To some extent, ever since computers became mainstays in offices, insider threats of an IT kind have always been a risk to businesses. There have always been disgruntled employees, mistakes made by employees, or in high-profile or highly secure organizations, employees who have been willing to sell secret data to the highest bidder. As a concept, it is nothing new. But the rate of growth since 2020 has been astronomical. 

A report by the respected Ponemon Institute in 2022 stated that ‘insider threats have increased in both frequency and cost over the past two years. Credential thefts, for example, have almost doubled in number since 2020’.[5] An article commenting on the report says that the overall number of incidents went up by 44% in just two years, whilst the cost to impacted organizations went up from US$11.45 million in 2020 to an average of US$15.4 million in 2022, which is a 34% increase. Moreover, the average number of days it took to contain an incident in 2022 was 85 days, which is up from 77 days in 2020.[6]

This sobering news shows that like cyberattacks that come from external sources, insider threats are now inevitable and largely unstoppable. But there are certain things that can be done to mitigate the risk and minimize the threats. Microsoft proposes four practical steps:[7]

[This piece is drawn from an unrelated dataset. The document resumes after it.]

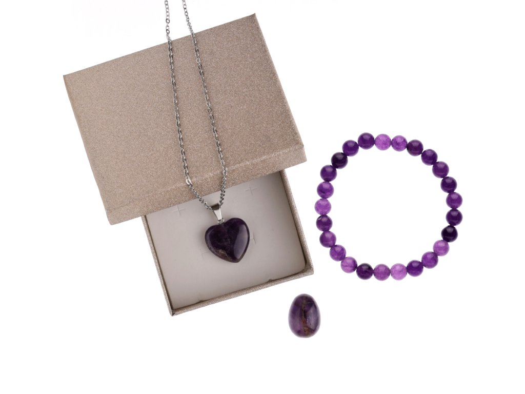 Sila kameňov – darčekový set z prírodného ametystu, kameňa známeho pre svoje ochranné, upokojujúce a duchovne posilňujúce účinky. Ametyst sa spája s vnútorným mierom, sústredením a duchovným rastom. Jeho sýta fialová farba v sebe nesie múdrosť, očistenie a pokoj – ideálny pre každého, kto túži po vnútornej harmónii.

  1. Prioritise employee trust and privacy – ‘Trust is the key to any functioning relationship. The best insider risk programs emphasize the balance between employee privacy and company security.’
  2. Collaborate across functions – ‘Insider risk is a business problem that involves the entire company… This broad involvement helps ensure wider buy-in and provides additional perspectives and resources.’
  3. Recognize that employees are the first and last line of defence – ‘Train people on how to handle the organization’s data properly, and repeat that message regularly so it’s always fresh. It also helps to make it personal, [and] complemented by detection tools.’
  4. Use machine learning tools to do more with less – ‘A new breed of insider risk management tools is emerging with adaptive security capabilities that can detect risky activities and mitigate any potential impact while staying out of the way and keeping user information private.’

All in all, these or any other mitigation steps should be part of an overall ‘data protection strategy with a holistic approach that includes the right people, processes, and training, in addition to the appropriate tools’.[8] That is the only way to lessen the threat and ensure that the remote work setup that is so prevalent these days, does not lead to companies imploding from the inside.